If TS stream is set as input the script uses ccextractor (needs to be installed) to extract the subtitles into SPU (XML + PNGs) format first.
This script has been tested with HD DVB subtitles used by the Finnish national broadcast company YLE.
convert-TS-or-SPU-to-SRT.sh usage:
- -i --input: input file (could be a TS stream or SPU XML file) - mandatory
- -l --lang: select subtitle language to be extraceted (fin, swe, eng for example) - mandatory
- -o --output: output file (SRT file) - mandatory
- -f --force: force overwrite if output file exists
- -c --charset: charset for the output SRT file (utf8, iso-8859-1 or ascii for example, using console default if not set)
- -s --shift: shift subtitle timing by +- seconds (+10.5 or -3 for example)
- -t --tempdir: set custom temporary dir (using /tmp/convert-TS-or-SPU-to-SRT if not set)

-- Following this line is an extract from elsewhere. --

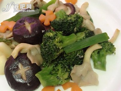 材料:鲜蘑菇250克,香菇50克。精盐、白糖各少许,植物油、水淀粉各适量。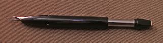 Photo of a pen produced by Sheaffer. Model: Sheaffer PFM. Filling system: "Touch Down snorkel". In black plastic resin. Model PFM-V.

Pleas note that This script is tested only on Linux (Debian, CentOS) and it needs some external tools to work (like tesseract-ocr (mandatory), ImageMagick (convert) (mandatory), iconv, ccextractor, bc). These tools could be found from Debian / Ubuntu repos or you can grab the sources and install them manually:
- https://github.com/tesseract-ocr/
- https://imagemagick.org/index.php
- https://www.gnu.org/software/libc/libc.html (iconv)
- https://github.com/CCExtractor/ccextractor
- https://www.gnu.org/software/bc/
Please note that I'm not responsible if this software does not work as it should (if it damages your computer or files eg.). Please be free to make it better by sending pull requests or submitting issues if you find any!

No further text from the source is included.